COVID-19 test case means Broad Street music venue set for insurance win

A music bar and nightclub on Westside has won a landmark legal battle which means an insurance pay-out should provide vital help for losses caused by the COVID-19 lockdown.

The Velvet Music Rooms & Sugar Suite club on Broad Street is among the beneficiaries of a Supreme Court ruling which found in favour of small firms receiving payments from business interruption insurance policies.

The Financial Conduct Authority brought the test case on behalf of the policyholders of eight insurance companies including QBE, which Velvet Music Rooms is insured with.

Delighted owner, Dani Hadley, who runs the family-owned bar and club with her sister Eilis Collins, explained this meant the business should receive an insurance pay-out at some point in 2021 to go towards debts accrued during COVID-19.

Ms Hadley said the business interruption insurance has been taken out when the Velvet Music Rooms first opened in 2005.

She said: “When we were forced to close at the start of the first lockdown last March we had a very positive phone call from our broker saying we were really lucky, we were one of the few to be able to get something from our policy.

“So, we thought we were covered for the loss of business, but then the insurance company decided to put up a fight.”

After losing the first round of the legal fight at the High Court, the test case was fast-tracked to the Supreme Court – the highest court in England.

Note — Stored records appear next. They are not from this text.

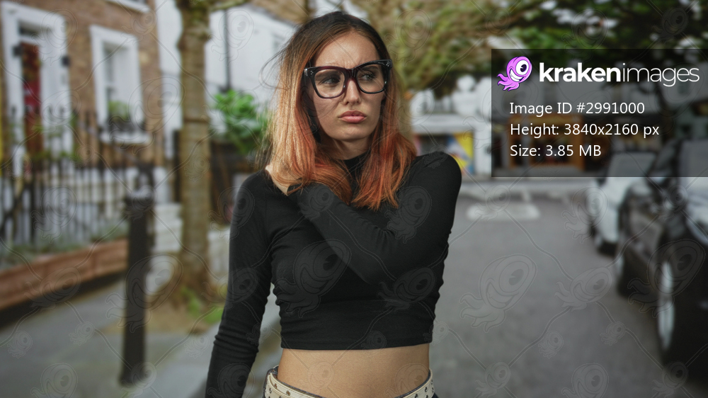 Young woman touching her shoulder and showing bare midriff, wearing oversized glasses on a street; pensive solitude.
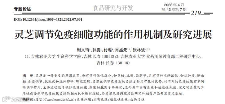[1]林志彬《灵芝的现代研究》. [2]Xu Wu ,jiliang Cao, Mingxing Li,Peifen Yao,Hongyi Li,Wendong Xu,Cheng Yuan,juyan Liu, Peng Li , Yitao Wang.An integrated microbiome and metabolomic analysis identifies immunoenhancing features of Ganoderma lucidum spores oil in mice. [3]谢文琦,韩雯,付璐,等.灵芝调节免疫细胞功能的作用机制及研究进展[J].食品研究与开发,2022,43(07):219-224.
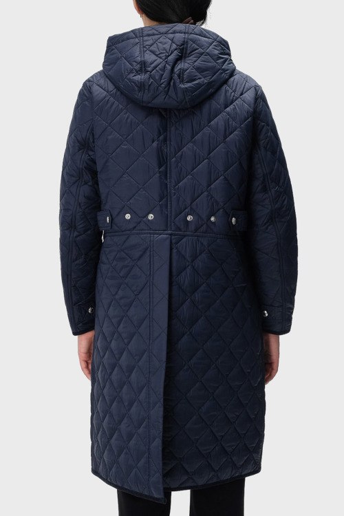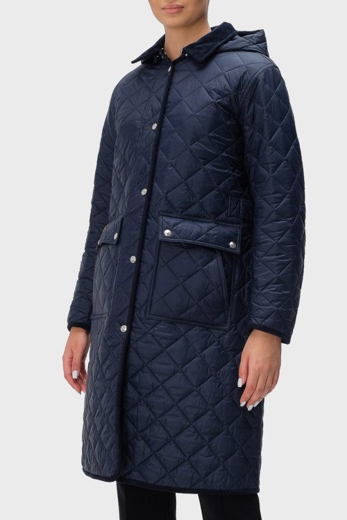 Женская темно-синяя куртка из нейлона от Ralph Lauren (Ральф Лорен). Стеганый дизайн, классический воротник, застежка на кнопки, карманы с клапаном, вшитый капюшон, модель утепленная синтепоном
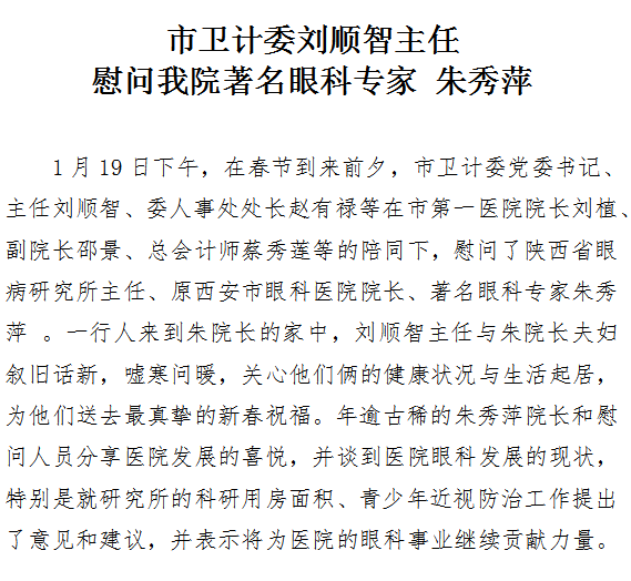 市卫计委刘顺智主任慰问男同视频 著名眼科专家朱秀萍
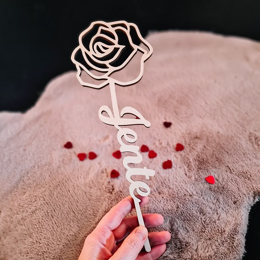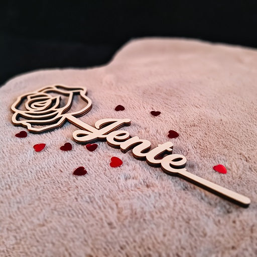 Een houten roos die nooit verwelkt — een blijvend symbool van liefde en tederheid. Gepersonaliseerd voor dat ene bijzondere iemand.
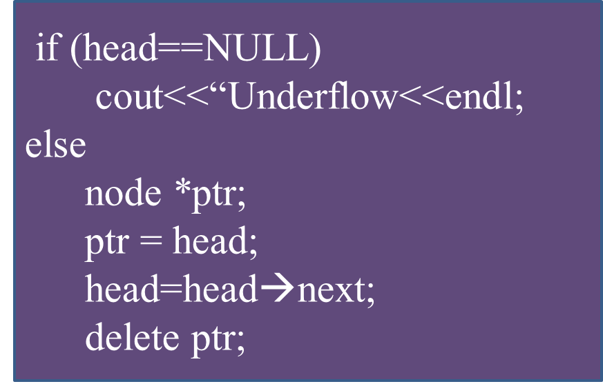 If Head = NULL, then there are no nodes in the list and the control is transferred to the last statement of the algorithm. (UNDERFLOW)
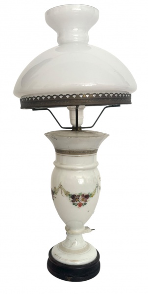 • Abajur vintage em opalina francesa branco leitoso com delicadas guirlandas florais pintadas mão, base em madeira e cúpula em vidro leitoso no estilo lampião. Peça charmosa, com estética romântica e toque clássico, ideal para ambientes elegantes e aconchegantes. Possui fiação, funcionamento desconhecido. Mede 55 cm altura. Manchas do tempo. Meados 1900.
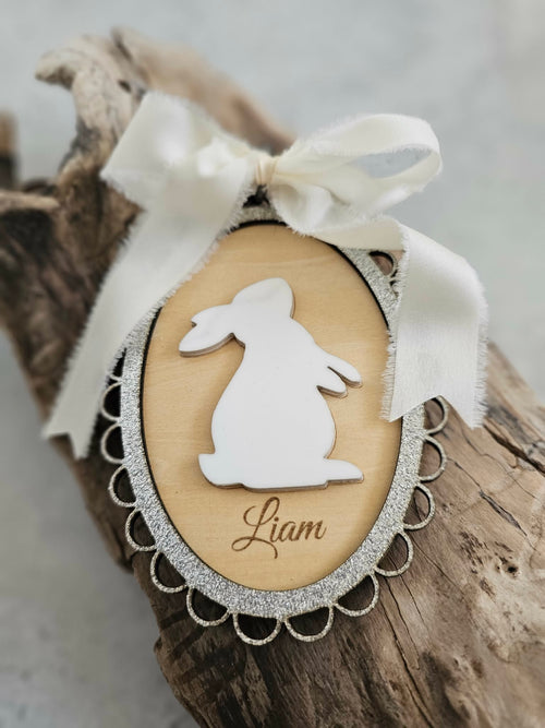 Påskeophæng i træ & akryl – personligt med navn

Ms Hadley said: “There were a lot of us up and down the country hoping the verdict was going to be before Christmas, because hospitality has been absolutely at the bottom of the ladder in terms of financial assistance.

“We’ve been knocked back several times through this process, but that’s now it, there is no other process to go through.”

Ms Hadley told how the business had been forced to furlough staff and to take out a Coronavirus Business Interruption Loan to get through the pandemic.

“The only way to get through this was to take on more debt. All through this we have had this insurance policy that wasn’t paying out. It was a real frustration and caused a lot unnecessary stress and worry throughout 2020.”

She added that she was relived to know that the principle of “utmost good faith” was to be be imposed on the insurance industry.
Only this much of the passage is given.